Quick Connections to Foundational Principles

• Structure-function relationship in RBCs:
  • Biconcave shape increases surface area-to-volume ratio for gas exchange; spectrin cytoskeleton provides flexibility and resilience during capillary passage.
• Homeostatic regulation:
  • Oxygen delivery to tissues controls erythropoiesis via EPO; iron availability and vitamins supply the substrates for Hb synthesis.
• Integration with organ systems:
  • Kidney plays a dual role by producing EPO and filtering wastes; liver produces plasma proteins and TPO; bone marrow produces blood cells; spleen/macrophages recycle aged RBC components.

Summary

• Blood is a dynamic, regulated tissue with a plasma matrix and formed elements, essential for transport, regulation, and defense.
• Hemopoiesis is a tightly controlled process involving multiple sites (fetal and adult) and lineages (erythroid, myeloid, lymphoid).
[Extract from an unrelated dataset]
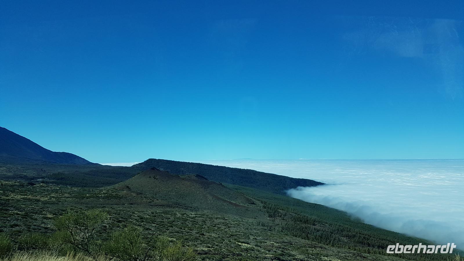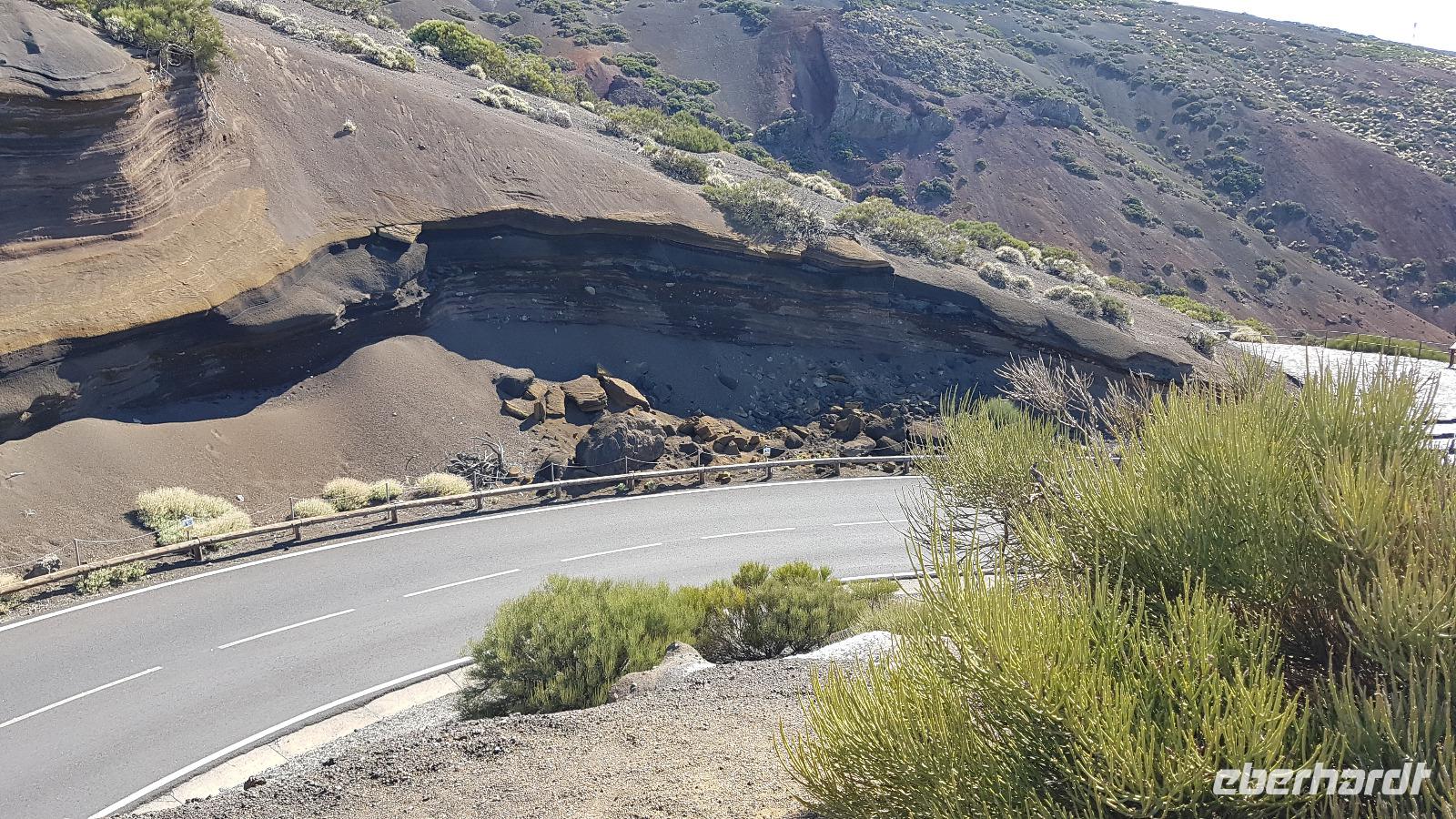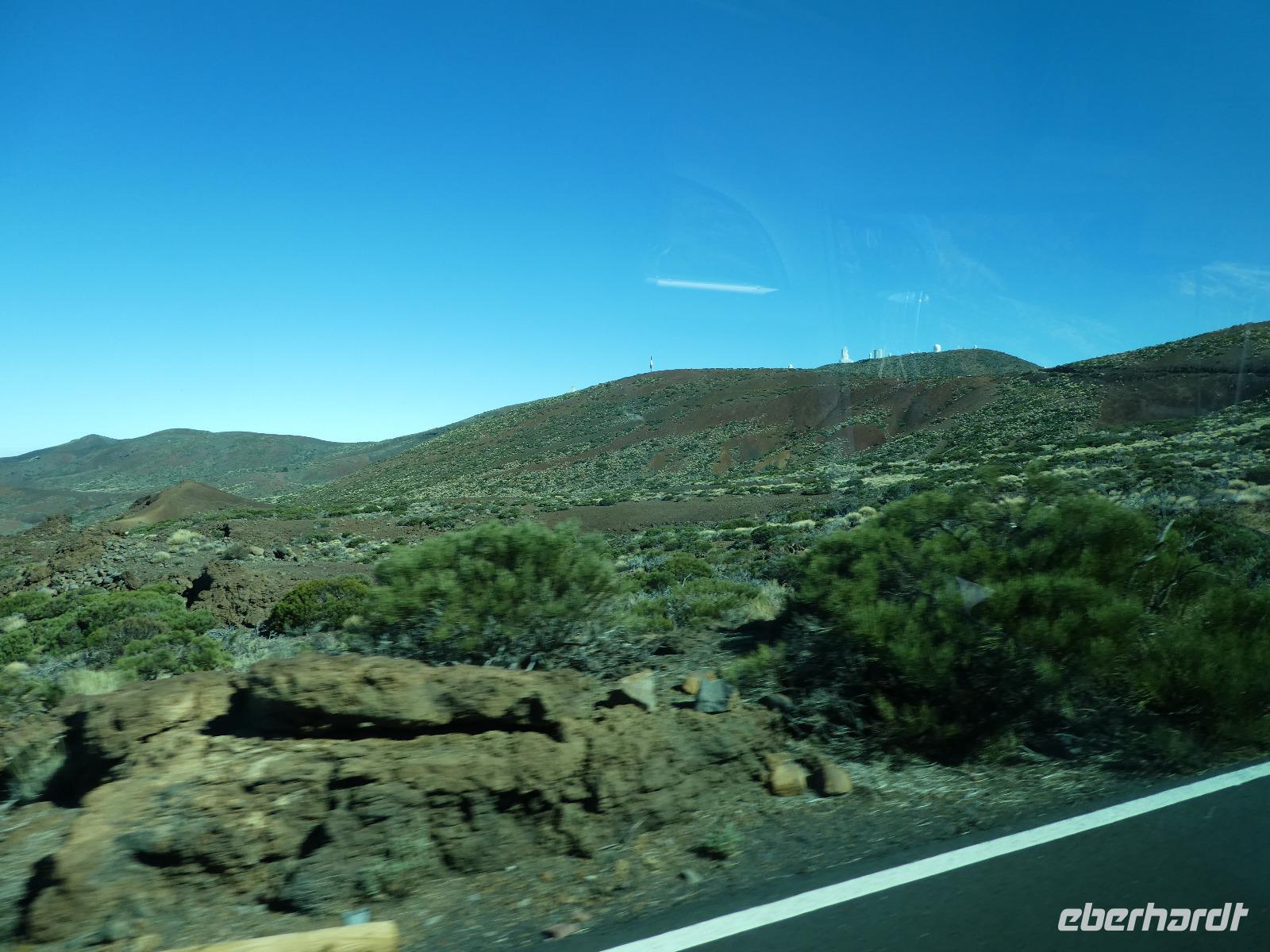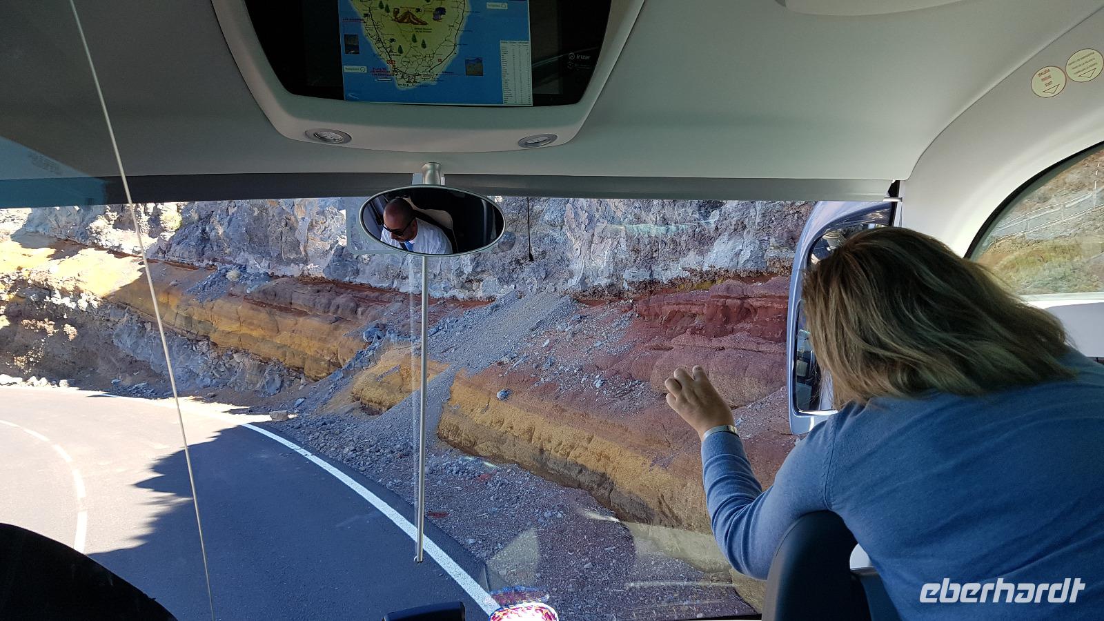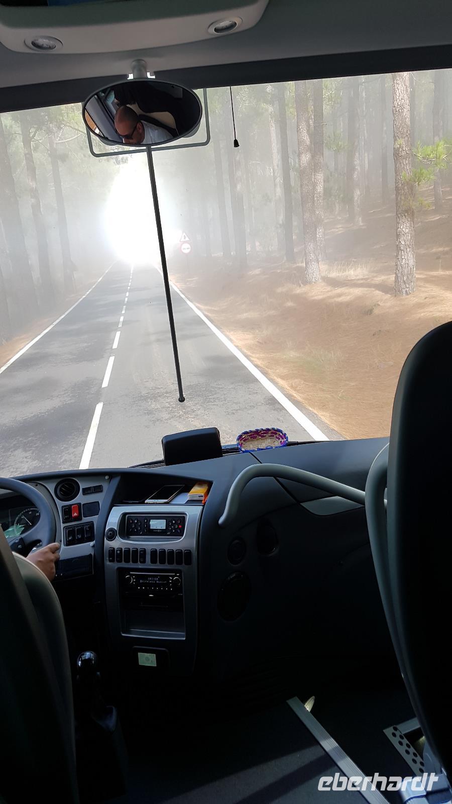 Nun fuhren wir in grossen Serpentinen ständig bergan. In einer Höhe von 1000 bis ca. 1900 Meter Höhe wächst die kanarische Kiefer mit ihren extrem langen Nadeln. Sie nimmt das benötigte Wasser von den Passatwolken, die sich in dieser Höhe ständig halten. Über der Baumgrenze erreichten wir die riesige Caldera und auf fast 2200 m Höhe stärkten wir uns bei einem kleinen Imbiss im La Bambi auf der Terrasse und mit Blick zum Teide. Es war erstaunlich warm in der Sonne trotz der grossen Höhe. Dann fuhren wir weiter durch den Nationalpark auf der einzigen Strasse. In der Nähe des Paradors verliessen wir den Bus, um Fotos vom Los Roques, auch Daumen Gottes genannt, und dem Teide zu machen. Gerne wären wir an diesem magischen Ort in der Sonne noch länger geblieben, aber das Programm hatte noch viel zu bieten an unserem letzten Ausflugstag. Auf gleicher Strasse fuhren wir zurück und dann weiter direkt auf dem Kamm in Richtung der Observatorien. Die gehören weltweit zu den 4 wichtigsten. Wegen des klaren Himmels und der Höhe können 83 Konstellation von Himmelskörpern im Jahr beobachtet werden. Am Strassenrand waren sehr gut die einzelnen farbigen Gesteinsschichten auszumachen und bei einem kurzen Fotostopp auch im Bild festzuhalten. Durch den Esperanzawald im Nebel fuhren wir dann stetig bergab und erreichten beim Flughafen Teneriffa Nord die Ebene von La Laguna.

• Erythropoiesis is regulated chiefly by EPO in response to tissue oxygen needs, with iron, B12, and folate as critical cofactors.
• Hemoglobin structure enables oxygen transport; HbF and HbA2 variations reflect developmental and genetic differences.
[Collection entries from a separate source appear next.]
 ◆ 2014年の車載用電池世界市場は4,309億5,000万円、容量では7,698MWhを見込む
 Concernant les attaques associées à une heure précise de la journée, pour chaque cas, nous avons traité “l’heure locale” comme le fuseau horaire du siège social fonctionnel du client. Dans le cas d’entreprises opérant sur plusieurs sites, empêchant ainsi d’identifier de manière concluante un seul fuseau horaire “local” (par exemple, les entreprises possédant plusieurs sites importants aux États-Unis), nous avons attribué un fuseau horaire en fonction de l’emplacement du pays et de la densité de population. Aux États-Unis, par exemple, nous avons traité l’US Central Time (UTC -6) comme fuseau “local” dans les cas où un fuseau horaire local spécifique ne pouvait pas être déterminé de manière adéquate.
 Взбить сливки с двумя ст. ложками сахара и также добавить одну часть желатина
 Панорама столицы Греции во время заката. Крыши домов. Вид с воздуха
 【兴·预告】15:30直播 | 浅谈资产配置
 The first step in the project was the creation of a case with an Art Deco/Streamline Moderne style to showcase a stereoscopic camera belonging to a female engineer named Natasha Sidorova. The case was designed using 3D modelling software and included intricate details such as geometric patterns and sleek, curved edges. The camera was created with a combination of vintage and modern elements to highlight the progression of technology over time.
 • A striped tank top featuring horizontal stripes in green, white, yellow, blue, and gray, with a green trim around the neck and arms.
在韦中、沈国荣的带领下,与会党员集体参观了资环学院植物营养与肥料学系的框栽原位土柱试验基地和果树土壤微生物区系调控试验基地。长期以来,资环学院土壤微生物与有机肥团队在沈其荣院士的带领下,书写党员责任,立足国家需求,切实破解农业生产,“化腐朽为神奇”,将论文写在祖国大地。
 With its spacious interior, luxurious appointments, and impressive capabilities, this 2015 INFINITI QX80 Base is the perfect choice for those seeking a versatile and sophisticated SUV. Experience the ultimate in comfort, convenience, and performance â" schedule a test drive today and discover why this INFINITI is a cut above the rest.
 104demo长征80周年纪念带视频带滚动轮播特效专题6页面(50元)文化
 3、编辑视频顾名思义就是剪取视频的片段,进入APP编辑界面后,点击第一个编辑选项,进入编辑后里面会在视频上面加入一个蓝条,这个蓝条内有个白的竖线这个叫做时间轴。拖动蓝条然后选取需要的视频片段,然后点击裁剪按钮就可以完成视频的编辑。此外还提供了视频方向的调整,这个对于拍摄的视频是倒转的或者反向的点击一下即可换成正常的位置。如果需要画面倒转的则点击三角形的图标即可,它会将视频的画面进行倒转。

• Iron metabolism involves absorption, transport by transferrin, storage in ferritin, and recycling during RBC destruction; disorders of iron balance underpin common anemias.
• Blood volume, plasma volume, and body-fluid distribution are interrelated via Starling forces and regulatory systems (RAAS, ADH, ANP).
• Clinical relevance spans anemia, polycythemia, blood transfusion practices, and the physiological basis for common laboratory indices (MCV, MCH, MCHC).